Muthukumar et al. [184] reported a SERS immunosensor based on a silver-coated nanoporous silicon substrate, demonstrating its application for the rapid and sensitive detection of E. coli contamination in milk, which concludes that the miniaturized SERS platform is a reliable, rapid, and accurate tool for analyzing complex media, with strong potential for the routine on-site detection of emerging pathogens relevant to disease management. Wang et al. [185] reported a lateral flow immunoassay integrated with surface-enhanced Raman scattering (SERS-ICA) utilizing WS2-Au nanocomposites as SERS tags, enabling the ultrasensitive and quantitative detection of the foodborne pathogen E. coli O157:H7 in complex food samples. The proposed SERS assay enables the rapid, qualitative, and quantitative detection of E. coli O157:H7, demonstrating significant potential for field-based analysis.
Zavyalova et al. [186] developed a direct, one-step assembly protocol with colloidal nanoparticles to enable rapid SARS-CoV-2 detection within 7 min. The method achieves high sensitivity, with a limit of detection (LOD) of 5.5 × 104 TCID50/mL, and high specificity. Several studies have demonstrated the application of SERS for monitoring and identifying pathogen contamination in various food samples. Recent literature contains multiple comprehensive studies focusing on the application of SERS technology for SARS-CoV-2 detection [187,188,189,190]. A recent review by Chen et al. [191] comprehensively examines the development of non-noble metal SERS substrates and their applications in analytical fields such as biomarker detection and environmental monitoring.
SERS has emerged as a front-line diagnostic tool by overcoming key limitations of traditional methods, such as sensitivity, speed, and multiplexing. Its foundation in plasmonic signal enhancement on nanoscale metallic surfaces provides a direct mechanism to solve persistent diagnostic challenges. The enormous enhancement factor of SERS (108–1011) enables single-molecule detection, permitting the identification of trace biomarkers like cancer-derived exosomes or proteins at concentrations thousands of times lower than the detection threshold of conventional assays.
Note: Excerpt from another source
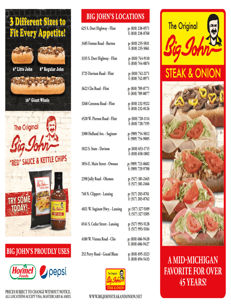 6 Little John8 Regular John16 Giant Whole JOHNS PROUDLY OVERPRICES SUBJECT TO CHANGE WITHOUT NOTICE.

The narrow spectral features of Raman reporters (<2 nm width) permit the simultaneous use of multiple unique SERS nanotags in a single assay. This facilitates parallel detection of biomarker panels from a minimal sample volume, yielding a comprehensive diagnostic profile for accurate disease stratification. SERS assays are now being integrated into user-friendly, rapid formats such as LFIAs and microfluidic chips. Consequently, the in situ label-free SERS method is a promising platform for the future of portable, rapid diagnostics, poised to enhance the practical deployment of Raman spectroscopy for infectious disease monitoring in clinical samples.
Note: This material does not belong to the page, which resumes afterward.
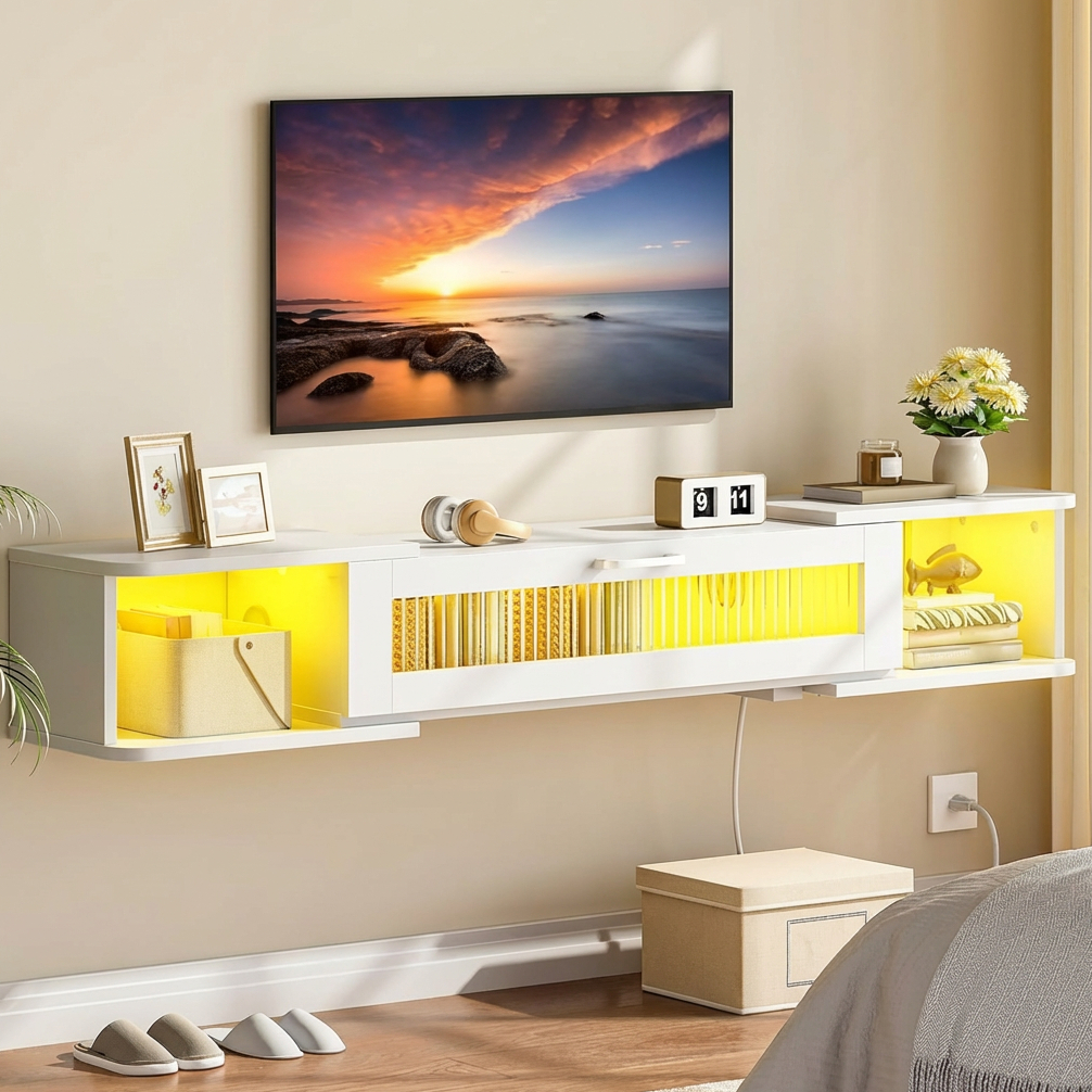 Thoughtfully designed with rounded edges, this wall-mounted TV shelf offers added safety while maintaining a sleek, contemporary appearance. The elegant reeded glass center door adds privacy while allowing light to pass through, creating a refined decorative touch that elevates the overall aesthetic of your room.

6. SERS-AIV Detection Challenges in Chickens and Future Prospects

Asymptomatic carriers (AIV-affected chickens with no signs of illness) play a critical role in disease dynamics. These birds silently transmit and maintain the virus in poultry populations, potentially leading to disease transmission to other birds or across different regions, making control efforts significantly more difficult [192].
A major challenge in controlling Avian Influenza is the virus’s broad host specificity, which facilitates transmission among diverse bird species and thereby complicates strain surveillance and transmission tracking in poultry. The virus exhibits cross-species transmission capability, potentially infecting mammals including humans. Swine serve as particularly concerning mixing vessels where viral reassortment can generate novel strains. This zoonotic potential represents a significant public health threat due to the severe disease manifestations in human cases. Individuals with occupational exposure, particularly poultry farm workers and those handling infected birds or contaminated environments, face elevated infection risks, highlighting the critical intersection of animal and human health in AI management [172,193]. AI in chickens leads to rapid genetic changes, raising concerns about the development of new strains with different characteristics, like increased strength, vaccine resistance, and cross-species infection potential. Over time, the virus undergoes gradual genetic variations, particularly in surface protein genes like HA and NA, crucial for invading host cells and evading the immune system. These changes may result in the creation of novel virus strains evading immune detection through antigenic drift, or the sudden emergence of a new variant via reassortment, posing a potential pandemic threat [171,194].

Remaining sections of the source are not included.